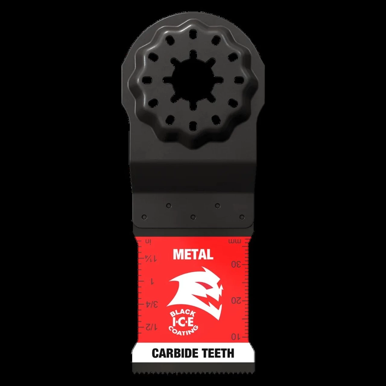 Diablo’s Starlock carbide oscillating blades feature application specific designs that deliver extreme durability and superior cutting life in metal cutting. High-performance carbide teeth deliver an unmatched up to 50X longer cutting life versus standard bi-metal blades. An optimized blade and tooth design, along with Black I.C.E. (Industrial Cooling Element) keeps the teeth cool and build up free for fast, clean cuts. Tool free quick-change interface fits Fein and other Starlock tools; also compatible with non-Starlock multi-tools.
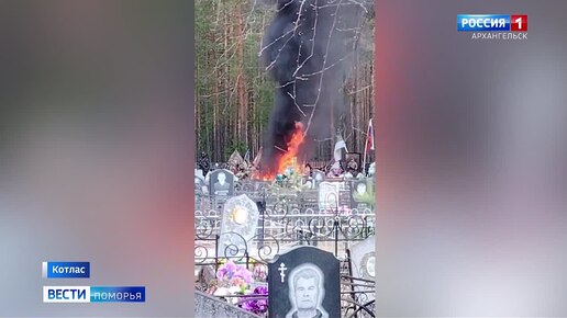 Пожар на Котласском кладбище повредил могилу участника специальной военной операции
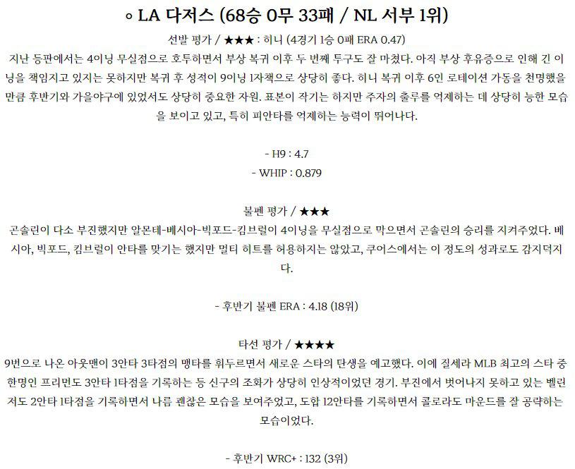 키움 히어로즈 (61승 4무 28패 / 리그 2위) 선발 평가 / ★★★ : 정찬헌 (14경기 5승 4패 ERA 4.48) 순서 상으로는 한현희가 등판하기로 되어 있었으나, 우천 취소로 인해 정찬헌으로 선발을 바꾸었다. 지난 등판에서는 5이닝 2실점으로 1인분 역할은 해주었지만 내용은 상당히 좋지 못했다. 4개의 볼넷을 내주면서 커맨드도 안정적이지 않았…
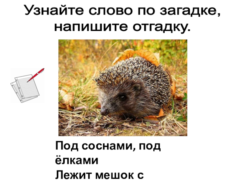 Узнайте слово по загадке,напишите отгадку.Под соснами, под ёлками  Лежит мешок с иголками.
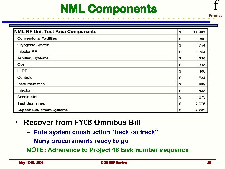 NML Components f Fermilab • Recover from FY 08 Omnibus Bill – Puts system construction “back on track” – Many procurements ready to go NOTE: Adherence to Project 18 task number sequence May 18 -19, 2009 DOE SRF Review 28
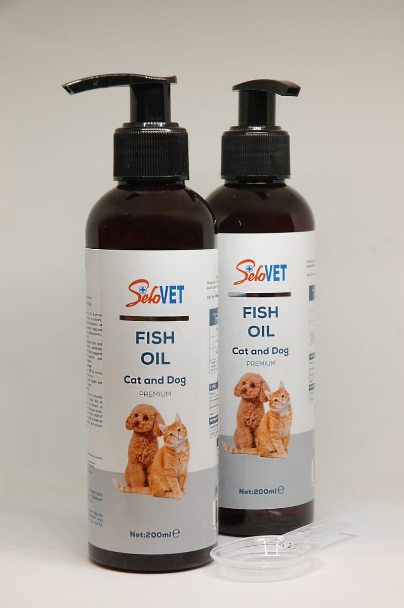 Рибеното масло със съдържание на омега 3,6 и 9 мастни киселини, поддържа здравето на кожата и козината, поддържа здравето на ставите, влияе благоприятно на репродуктивните органи и функции на организма, поддържа когнитивната функция, подпомага сърдечната дейност, подобрява кръвообръщението и засилва имунната система. Начин на прилагане: може да го използвате като го добавите към храната на вашия домашен любимец в определената доза (0-10 кг: 5мл или 1 мерителна лъжичка; 10-30 кг: 10 мл или 2 мерителни лъжички; над 30 кг: 15 мл или 3 мерителни лъжички). Дозата се препоръчва да се разпредели съгласно броя хранения.
○ ○ ○
Task details: Only one stretch of the data is wanted: write out exactly the lines from the one holding "Пожар на Котласском" through the one holding "NML Components f", both included, without the pictures.

Output of the exercise:
 Пожар на Котласском кладбище повредил могилу участника специальной военной операции
 키움 히어로즈 (61승 4무 28패 / 리그 2위) 선발 평가 / ★★★ : 정찬헌 (14경기 5승 4패 ERA 4.48) 순서 상으로는 한현희가 등판하기로 되어 있었으나, 우천 취소로 인해 정찬헌으로 선발을 바꾸었다. 지난 등판에서는 5이닝 2실점으로 1인분 역할은 해주었지만 내용은 상당히 좋지 못했다. 4개의 볼넷을 내주면서 커맨드도 안정적이지 않았…
 Узнайте слово по загадке,напишите отгадку.Под соснами, под ёлками  Лежит мешок с иголками.
 NML Components f Fermilab • Recover from FY 08 Omnibus Bill – Puts system construction “back on track” – Many procurements ready to go NOTE: Adherence to Project 18 task number sequence May 18 -19, 2009 DOE SRF Review 28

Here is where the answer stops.